Em seus comentários ao The Wall Street Journal, Trump criticou Pretti por portar uma arma.

“Não gosto de nenhum tiroteio. Não gosto disso”, disse Trump. “Mas não gosto quando alguém entra em um protesto e tem uma arma muito poderosa e totalmente carregada, com dois pentes carregados de balas também.
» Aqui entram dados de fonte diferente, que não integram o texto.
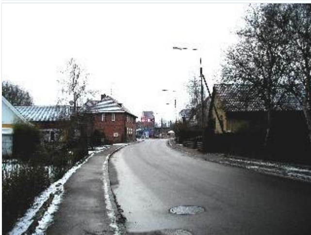
Foto: 11. Bygaden gennem Udby med kirken som pejlemærke, derunder den meget uheldigt anbragte OK-tank, fra nord Stort billede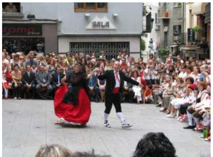
Ballet de Déu de Berga a la plaça de Sant Joan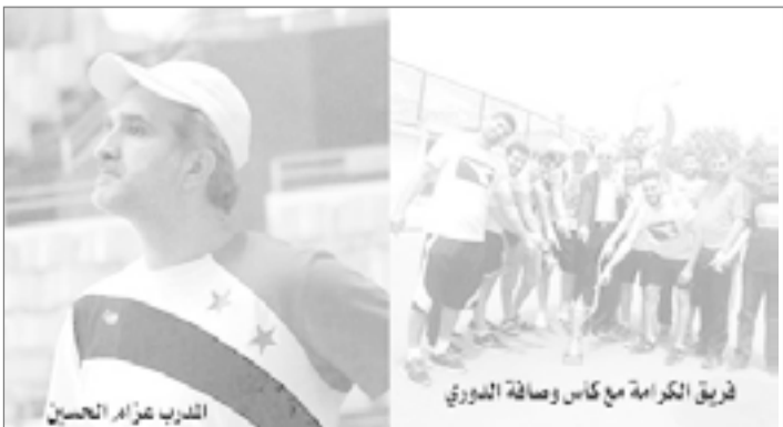
فريق الكرامة مع كأس وصافة الدوري

بعد الإنجاز اختصر الحسين كلامه برسالة قصيرة للسلة السورية واتحادها بالقول: للعبة تحتاج بالدرجة الأولى للمال حتى تستطيع الأندية المشاركة في الدوري بقوة وليس تادية واجب، لذا يجب على اتحاد اللعبة تأمين مستلزمات المالية وغيرها من أجل إقامة الدوري بنظامه المعروف (ذهاب وإياب)، والعمل على إصدار قانون يقضي بأنه لا يحق لأي نادي ضم أكثر من لاعبين منتخب وطني حتى يتحقق التكافؤ بين كل الفرق، ولا بد لي من أن أؤكد لاتحاد اللعبة أن سلة حطين حاضرة بقوة، والدليل دعوة ثلاثة لاعبين من الكرامة للمنتخب الوطني، لذا أرجو إصدار قوانين للحفاظ على التوازن بين الأندية لتبقى الندية والاثارة عنوان كل المباريات.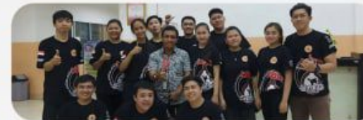
Self Defence Club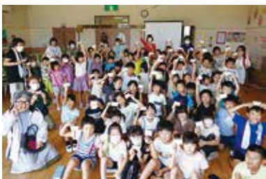
認知症キッズサポーター 7/25（火） 西部児童館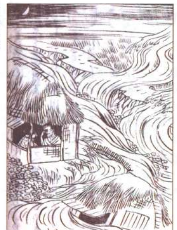
寛政4年の洪水 賀茂郡造賀村(現東広島市) 「芸備孝義伝(二編)」より(広島城蔵)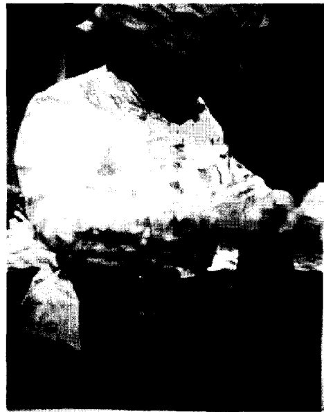
<그림3> 폴 맥카시, 보시버거, 1991, 퍼포먼스.

또한 비천함의 전략과 외설의 재현으로 현대사회의 지배적인 약호와 고정된 성적 정체성을 혼란시키고자 한 폴 맥카시 Paul McCarthy의 퍼포먼스도 테러에 가까울 정도로 그로테스크하여 비디오를 통해 관람되거나 현장에는 소수의 관객만이 초대될 뿐이었다. 그의 「보시 버거 Bossy burger」는 신체의 분비물인 월경과 정액을 신체의 분비물과 유사한 음식물인 케첩과 마요네즈로 그것을 먹고 토하는 그로테스크한 행위를 창출함으로써 사회적 신체 권위에 도전한다.<그림3> 그리고 그는 또 다른 퍼포먼스에서도 여성용 팬티를 입은 채 자신의 성기를 노출하거나 그것에 케첩을 뿌리는 양성 동체적 행위를 통하여 성별 개념을 부인하고, 나아가 인체의 계급 구조적 이분법에 도전하기도 하였다. 13)

Isso também não funciona bem.”

Ele disse que os policiais de imigração deixarão Minneapolis “em algum momento”, mas não ofereceu um prazo.

Enquanto isso, membros de sua administração foram rápidos em dizer que o tiroteio, o segundo assassinato de um cidadão americano em Minneapolis por agentes da imigração nas últimas semanas, foi um caso de um homem armado provocando violência.

O vice-chefe de gabinete da Casa Branca, Stephen Miller, disse numa publicação nas redes sociais, sem oferecer qualquer prova, que Pretti era “um assassino” que “tentou assassinar agentes federais”.

O vice-presidente JD Vance compartilhou a postagem de Miller. Ele emitiu outros culpando as autoridades locais e descrevendo o que estava acontecendo em Minneapolis como “caos planejado” que era “a consequência direta de agitadores de extrema esquerda, trabalhando com as autoridades locais”.